The View co-host Alyssa Farah Griffin worked in Donald Trump‘s White House in 2020, when Trump was the fairly elected President of the United States. When she was told by Trump’s Chief of Staff that Trump planned to stay in the White House despite having lost the 2020 election to President-elect Joe Biden, Griffin chose democracy, she says, and reports, “I gave my resignation the next day.”
“Make no mistake,” writes Griffin, a conservative voice on the ABC talk show, “Trump & his chief lieutenants were trying to unlawfully & unconstitutionally remain in power despite losing the election.”

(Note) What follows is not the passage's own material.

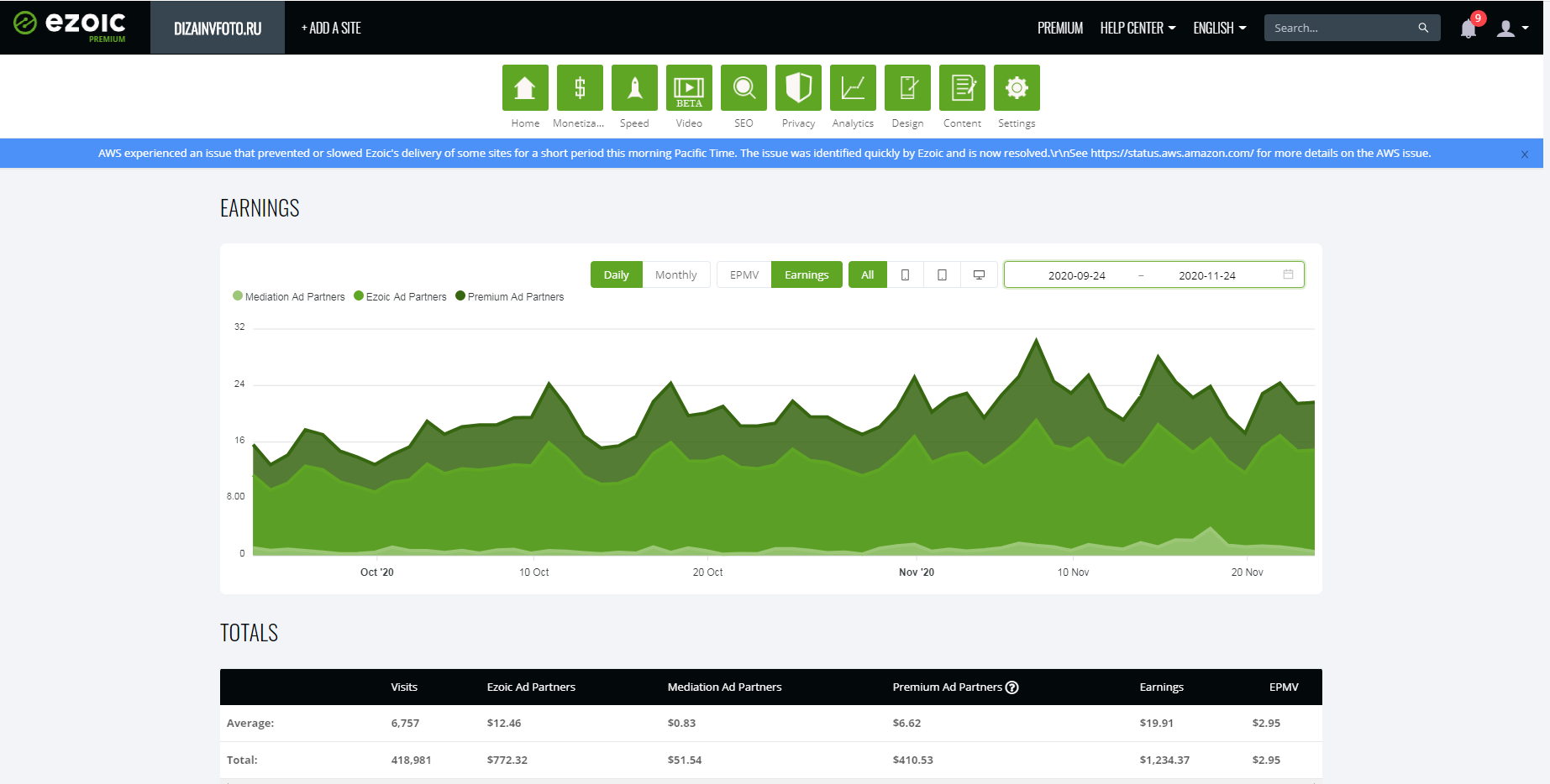 Основной партнер по монетизации: официальный партнер Гугла, компания Ezoic. РСЯ используется как минорный монетизатор.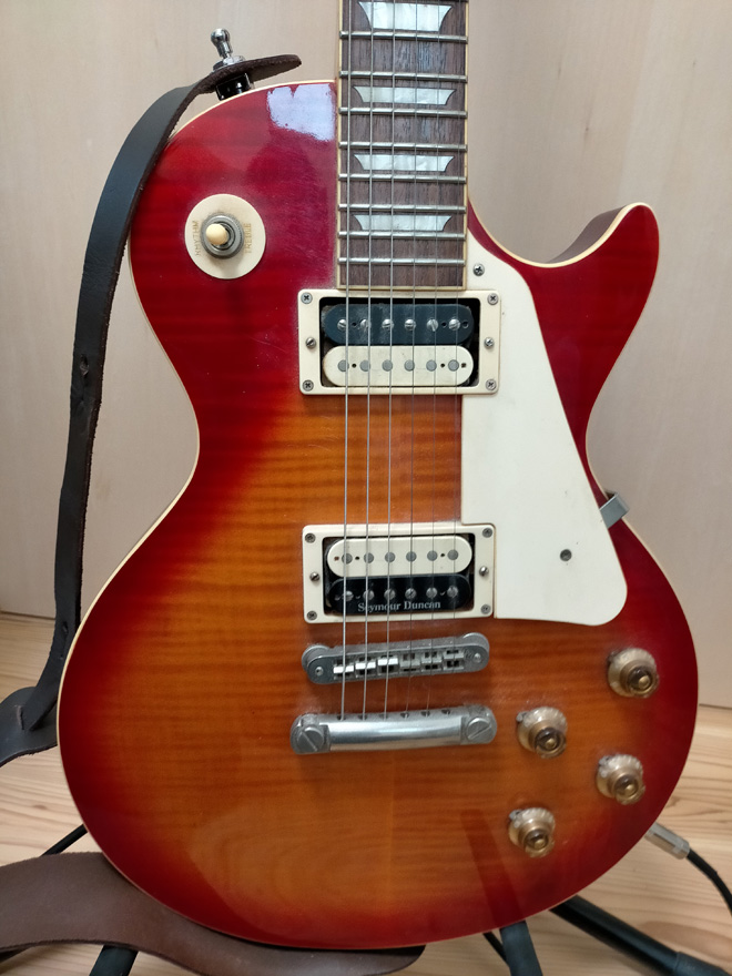 玄関のフロアにマーシャルの8080を置き控えめに弾いていました。PUに満足できなくてダンカンのSH4、SH4-1nに交換。音の跳ね返りに満足しずっと愛用しています。

The then-White House Chief of Staff said nearly the identical thing to me on Dec 3rd of 2020. I gave my resignation the next day.
— Alyssa Farah Griffin (@Alyssafarah) November 13, 2023
Make no mistake: Trump & his chief lieutenants were trying to unlawfully & unconstitutionally remain in power despite losing the election. https://t.co/Rm63VYyftX
What Chief of Staff Mark Meadows said to Griffin three years ago is relevant because Griffin says her experience matches testimony given by former Trump campaign lawyer Jenna Ellis, who says that Trump Deputy Chief of Staff for Communications Dan Scavino told her after the election that “the boss is not going to leave under any circumstances. We are just going to stay in power.”
Griffin says she was told “nearly the identical thing” in December of 2020.
Griffin’s story doesn’t directly corroborate Ellis’s testimony, but it lends credence and adds plausibility to Ellis’s report about what she was told. Both Meadows and Scavino served the Trump administration until the end, which did — despite these dire threats — occur on January 20, 2021.
Speculation abounds as to which party leaked Ellis’s proffer testimony, arrived at as part of her plea settlement. Prosecutors said they were not behind the leak, which they called “clearly intended to intimidate witnesses in this case, subjecting them to harassment and threats prior to trial.”
The remaining defendants in the Fulton County election interference conspiracy case had access to the videos. Portions of proffer testimony by other defendants who made plea deals — Sidney Powell, Kenneth Chesebro, and Scott Hall — were also leaked.